# zebra wood pen blanks



## robert421960 (Dec 9, 2010)

so i bought 10 of these blanks and am preparing to make some pens i hope:yes::yes:
would anybody maybe wanna do some trading for something different?


----------



## BassBlaster (Nov 21, 2010)

I saw your post over at WB about these blanks. I'm interested in a swap with you. I have plenty of zebrawood though. Any chance you have a couple of smallish (6" X 3") bowl blanks youd wanna trade? Wouldnt have to be any burls or high end wood, just a nice blank or two. I'd offer up a nice SFRB selection of pen blanks.:thumbsup:

Once you start turning pens, its hard to stop, just a warning!! Lol


----------



## robert421960 (Dec 9, 2010)

why do you think i bought 10 blanks even before i turned any:laughing::laughing::laughing:
ill see what i might be able to do with ya


----------



## RusDemka (Jun 9, 2012)

Robert, bass has some nice pen blanks, I'm warning you he will make you want to come back for more once you see what he sends you, consider yourself warned


----------



## RusDemka (Jun 9, 2012)

Zebra wood is nice, even better when its diagonaly cut,, here is a picture of a pen i made from zebrawood diagonaly cut..
actually just sold this one couple days ago online:yes:


----------



## robert421960 (Dec 9, 2010)

and here i thought i was getting into something cheap:laughing::laughing::laughing::laughing:
thanks for the warning


----------



## RusDemka (Jun 9, 2012)

robert421960 said:


> and here i thought i was getting into something cheap:laughing::laughing::laughing::laughing:
> thanks for the warning


well if you have freinds and you can trade with them its not too bad, the addicting part is that you have a finished product in less than an hour depending on how well you can turn quickly..


----------



## robert421960 (Dec 9, 2010)

Ok bass here is what I have tell me what ya think


----------



## BassBlaster (Nov 21, 2010)

Ooooo, live edge and you allready rounded them for me!! Sweet!!:thumbsup:

Im going to have to send you some super nice blanks for those!!

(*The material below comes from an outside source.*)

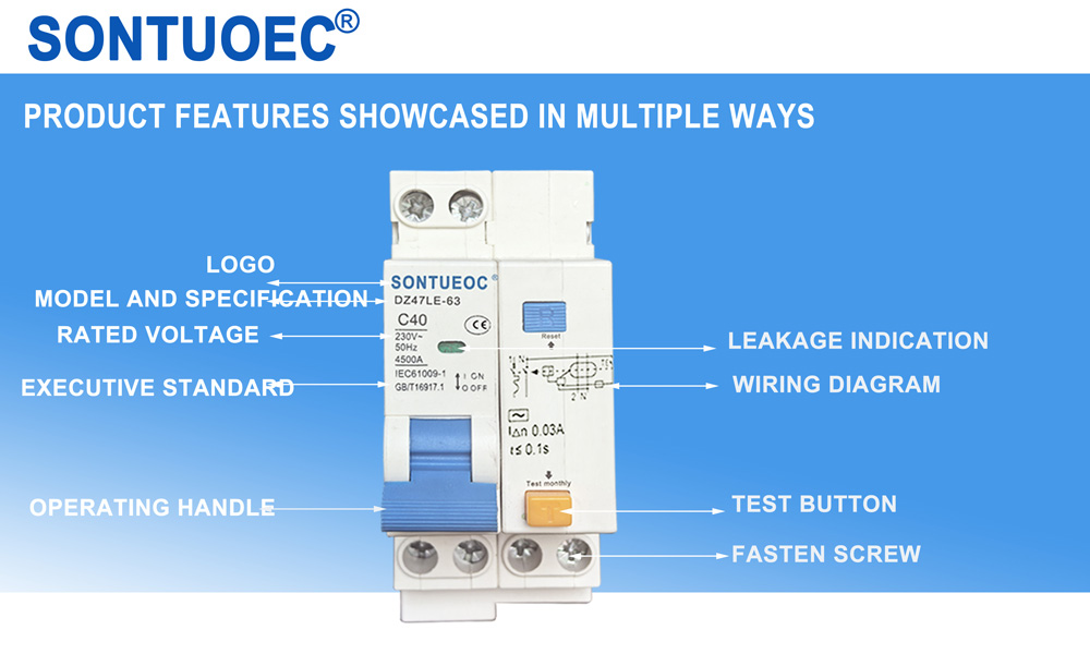SONTUOEC అనేది చైనీస్ సరఫరాదారులు/తయారీదారుల్లో వివిధ చిన్న ఎలక్ట్రికల్ ఉత్పత్తిలో ప్రత్యేకత కలిగి ఉంది. ఉపకరణాలు.DZ47LE ఒక పోల్ రెండు వైర్, 2 పోల్ లేదా 400V 3 పోల్, 3 పోల్ 4 వైర్ కోసం AC 50/60Hz రేటింగ్ వోల్టేజ్ 230V లైన్ కి వర్తిస్తుంది. 4 పోల్ మరియు ప్రస్తుతం 63A వరకు రేట్ చేయబడింది. ఇది ఓవర్లోడ్ మరియు షార్ట్ సర్క్యూట్ నుండి లైన్ మరియు మోటారును రక్షించగలదు

Are these dry or green? Dosnt matter either way, just curious.

I'll get a pic up for you as soon as I pick out blanks that are worthy of this trade. Thanks!!


----------



## robert421960 (Dec 9, 2010)

BassBlaster said:


> Ooooo, live edge and you allready rounded them for me!! Sweet!!:thumbsup:
> 
> Im going to have to send you some super nice blanks for those!!
> 
> ...


one is green but almost dry i hope
the other 3 are dry and the bark is kinda loose and rotten on the outside
all the wood is solid though


----------



## BassBlaster (Nov 21, 2010)

Sounds good. I'm getting ready for work now but I should have time in the morning to get your box together. Thanks again!!:thumbsup:


----------



## BassBlaster (Nov 21, 2010)

These should keep you busy for awhile.:laughing: If you like these, I'll get em packed up and headed your way. Probably be tomorrow AM before I can get to the PO though. Go ahead and PM me your address too. Thanks again!!:thumbsup:

Oh, the bottom blanks are a couple of 2 tone walnut PM blanks that I thought you might like. All the blanks are labeled, the label side is just turned down for the pic.


----------



## robert421960 (Dec 9, 2010)

dude that is awesome
now ill have to spend a fortune buying pen kits:laughing::laughing:
thanks for doing this with me


----------



## RusDemka (Jun 9, 2012)

BassBlaster said:


> These should keep you busy for awhile.:laughing: If you like these, I'll get em packed up and headed your way. Probably be tomorrow AM before I can get to the PO though. Go ahead and PM me your address too. Thanks again!!:thumbsup:
> 
> Oh, the bottom blanks are a couple of 2 tone walnut PM blanks that I thought you might like. All the blanks are labeled, the label side is just turned down for the pic.


You can't see me, but I'm drooling all over my desk at work, Robert I think I gave you a fair warning, now you will be "hookedonpens" LOL....


----------



## robert421960 (Dec 9, 2010)

RusDemka said:


> Robert I think I gave you a fair warning, now you will be "hookedonpens" LOL....


No Ill be Banging Pens:laughing::laughing::laughing:


----------



## RusDemka (Jun 9, 2012)

robert421960 said:


> No Ill be Banging Pens:laughing::laughing::laughing:


:laughing:


----------



## BassBlaster (Nov 21, 2010)

robert421960 said:


> dude that is awesome
> now ill have to spend a fortune buying pen kits:laughing::laughing:
> thanks for doing this with me


 No problem man, thank you!! I packed these all up and I'll get em over to the PO in the morning.


----------



## robert421960 (Dec 9, 2010)

i didnt get yours out today either but will tommorrow:yes:


----------



## BassBlaster (Nov 21, 2010)

RusDemka said:


> You can't see me, but I'm drooling all over my desk at work, Robert I think I gave you a fair warning, now you will be "hookedonpens" LOL....


 I dropped a box off for you at the PO Sat morning!:thumbsup:


----------



## BassBlaster (Nov 21, 2010)

robert421960 said:


> i didnt get yours out today either but will tommorrow:yes:


 No rush, it will probably be after the new year before I'll have time to put one on the lathe anyhow.


----------